Lyssavirussen (van het geslacht Lyssavirus in de familie Rhabdoviridae) omvatten het hondsdolheidvirus, Australisch vleermuislyssavirus, en andere verwante virussen, waarvan vele ook door vleermuizen worden gedragen. In tegenstelling tot de meeste andere virussen van de familie Rhabdoviridae, die worden overgedragen door geleedpotigen, worden lyssavirussen overgedragen door zoogdieren, meestal door bijten. Alle zoogdieren zijn vatbaar voor lyssavirussen, hoewel vleermuizen en carnivoren de meest voorkomende natuurlijke reservoirs zijn. De overgrote meerderheid van de gevallen van rabiës bij mensen is het gevolg van het rabiësvirus, met slechts twaalf andere gevallen bij mensen die worden toegeschreven aan andere lyssavirussen vanaf 2015. Deze zeldzamere lyssavirussen geassocieerd met vleermuizen omvatten Duvenhage lyssavirus (drie menselijke gevallen vanaf 2015); Europese vleermuis 1 lyssavirus (één menselijk geval vanaf 2015); Europese vleermuis 2 lyssavirus (twee menselijke gevallen vanaf 2015); en Irkut lyssavirus (één menselijk geval vanaf 2015). Microvleermuizen worden verdacht als de reservoirs van deze vier ongewone lyssavirussen.

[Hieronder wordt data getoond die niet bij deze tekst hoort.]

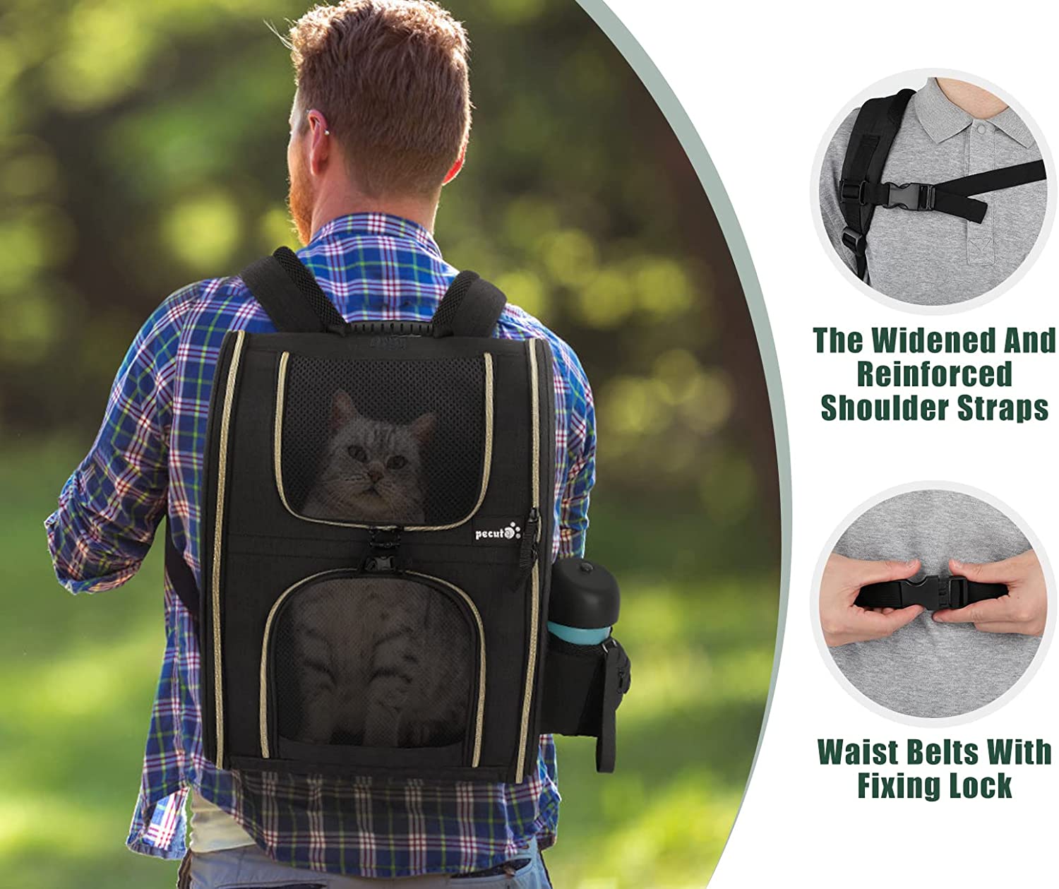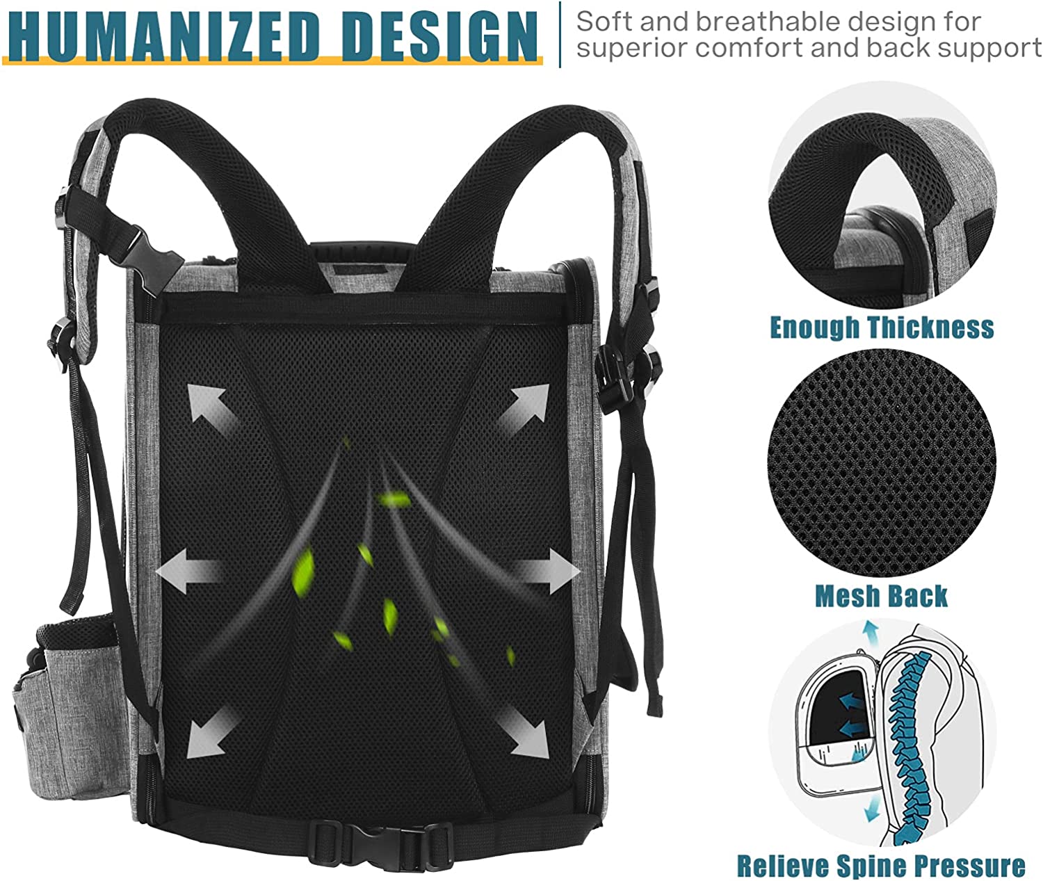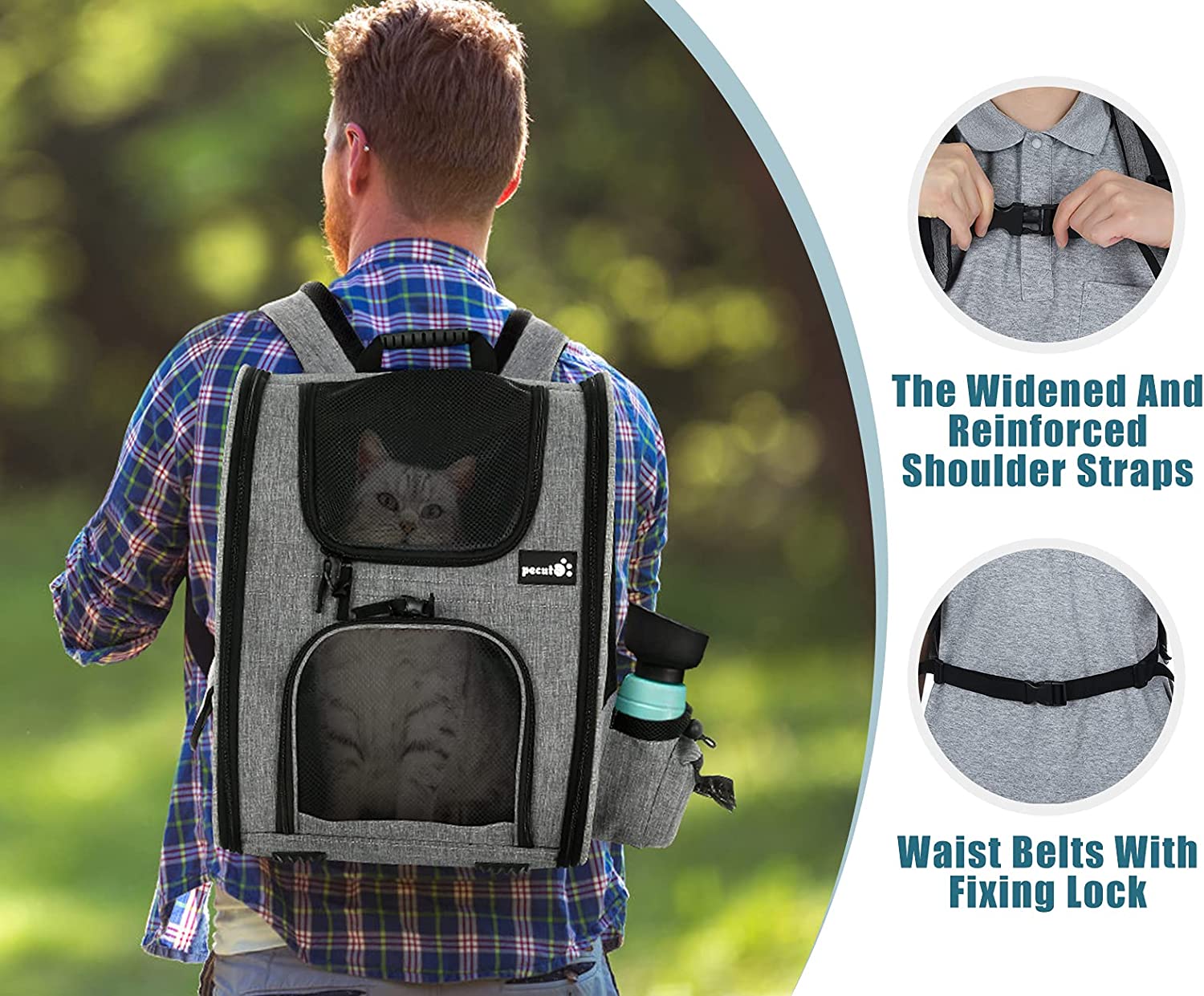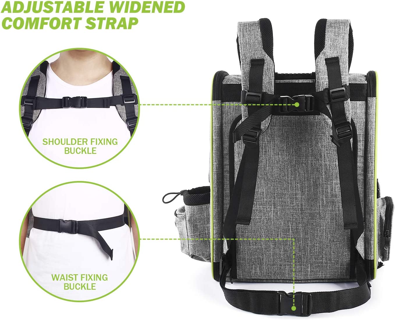 • ? 【 ERGONOMIC DESIGN 】: The widened & padded shoulder straps and back provide support and help reduce load and increase comfort. 2 retractable buckles on the top and bottom of the cat backpack to prevent shoulder strap deviation and maintain the stability of the dog carrier.

Nadat transmissie heeft plaatsgevonden, is de gemiddelde mens twee maanden asymptomatisch, hoewel de incubatieperiode zo kort als een week of zo lang als enkele jaren kan zijn.De Italiaanse wetenschapper Antonio Carini was de eerste die veronderstelde dat het hondsdolheidsvirus door vleermuizen kon worden overgedragen, wat hij in 1911 deed. Dezelfde conclusie werd getrokken door Hélder Queiroz in 1934 en Joseph Lennox Pawan in 1936. Vampiervleermuizen waren de eerste die met hondsdolheid werden gedocumenteerd; in 1953 werd bij een insectenetende vleermuis in Florida hondsdolheid ontdekt, waarmee dit de eerste gedocumenteerde gebeurtenis was bij een insectenetende soort buiten het verspreidingsgebied van de vampiervleermuizen. Vleermuizen hebben over het algemeen een lage prevalentie van het rabiësvirus, waarbij uit de meeste onderzoeken van ogenschijnlijk gezonde individuen een rabiësincidentie van 0,0-0,5% blijkt. Zieke vleermuizen worden vaker voor rabiëstests aangeboden dan schijnbaar gezonde vleermuizen, wat bekend staat als sampling bias, waarbij de meeste studies een rabiësincidentie van 5-20% bij zieke of dode vleermuizen rapporteren. Blootstelling aan het rabiësvirus kan dodelijk zijn bij vleermuizen, hoewel waarschijnlijk de meerderheid van de mensen de ziekte niet ontwikkelt na blootstelling. Bij niet-vleermuiszoogdieren leidt blootstelling aan het hondsdolheidsvirus bijna altijd tot de dood.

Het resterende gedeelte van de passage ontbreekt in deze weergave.